A rheological study of the bioleaching process of an iron ore for the elimination of gangue minerals

Abstract Bioleaching was used to dissolve zinc, phosphorus, potassium and calcium oxide found in iron concentrates using acidophilic microorganisms to enhance the iron yield. Rheological properties of the mineral pulps revealed a maximum in the zero shear-rate viscosity (0.068 Pa s) during day 5 of the process. The mineral concentrate contained hematite (Fe2O3) and magnetite (Fe3O4). Dissolution kinetics were followed in a continuous stirring tank reactor (CSTR) and pulp rheological properties were measured. Various analytical techniques were employed to evaluate the initial and final compositions of the mineral iron concentrates, such as scanning electron microscopy (SEM) and X-ray diffraction using the powder method (XRD).
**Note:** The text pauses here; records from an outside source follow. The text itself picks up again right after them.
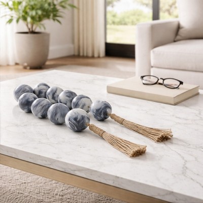 Bead Garland with Marbled Design and Tassels for Home Decor - Decorative Accent for Office, Shelf or Coffee Table Display - 3", Black & White
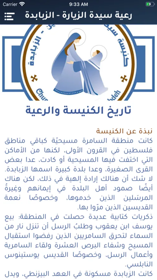 هذا التطبيق تابع لكنيسة سيدة الزيارة للاتين في الزبابدة . تجدون به كل ما تحتاجونه من معلومات حول الرعية والمواعيد المهمة والأخبار. وهدفه كي يكون حلقة وصل بين الكنيسة والمؤمنين . فتكونوا على تواصل دائم معنا وسهولة التواصل معنا. لتقصير المسافات بين الكنيسة وأبنائها.
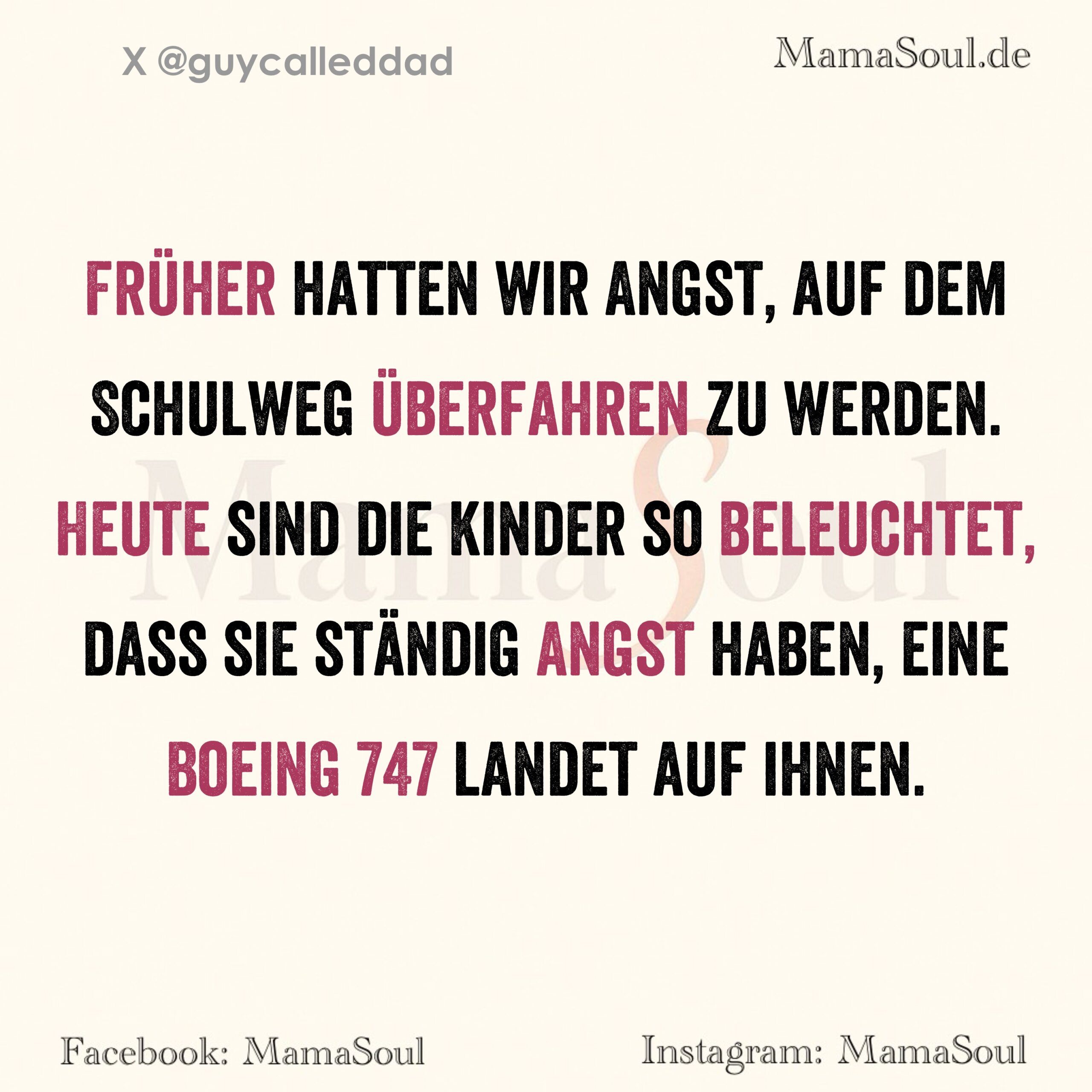Heute sind die Kinder so beleuchtet, dass sie ständig Angst haben, eine Boeing 747 landet auf ihnen.
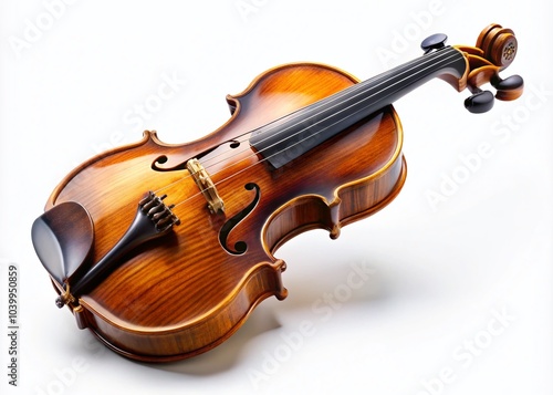 Fototapeta premium Elegant Violin on White Background - Classic Musical Instrument for Timeless...

Data obtained from SAOS (small amplitude oscillatory shear) and simple shear were modeled using the multimodal Maxwell model and a kinetic rheological model (BMP), respectively. Up to 72% P, 91% CaO, 74% K and 53% Zn were dissolved in 5 days, where a maximum in both rheological analysis (continuous and oscillatory flow) was observed. This maximum coincided with the end of the microbial growth phase, demonstrating that the microbial growth kinetics influenced the rheological property, which can be modeled using a kinetic-like constitutive equation. The linear viscoelastic response of the pulp is consistent with the appearance of a weak gel at long times (low frequency) with relaxation exponent of n = 0.91 and gel strength of S = 0.0151 Pa sn. A generalized Maxwellian behavior with three relaxation times was observed at high frequency, associated with biofilm–particle interactions. Further investigations may consider other rheological analysis such as LAOS or stress relaxation.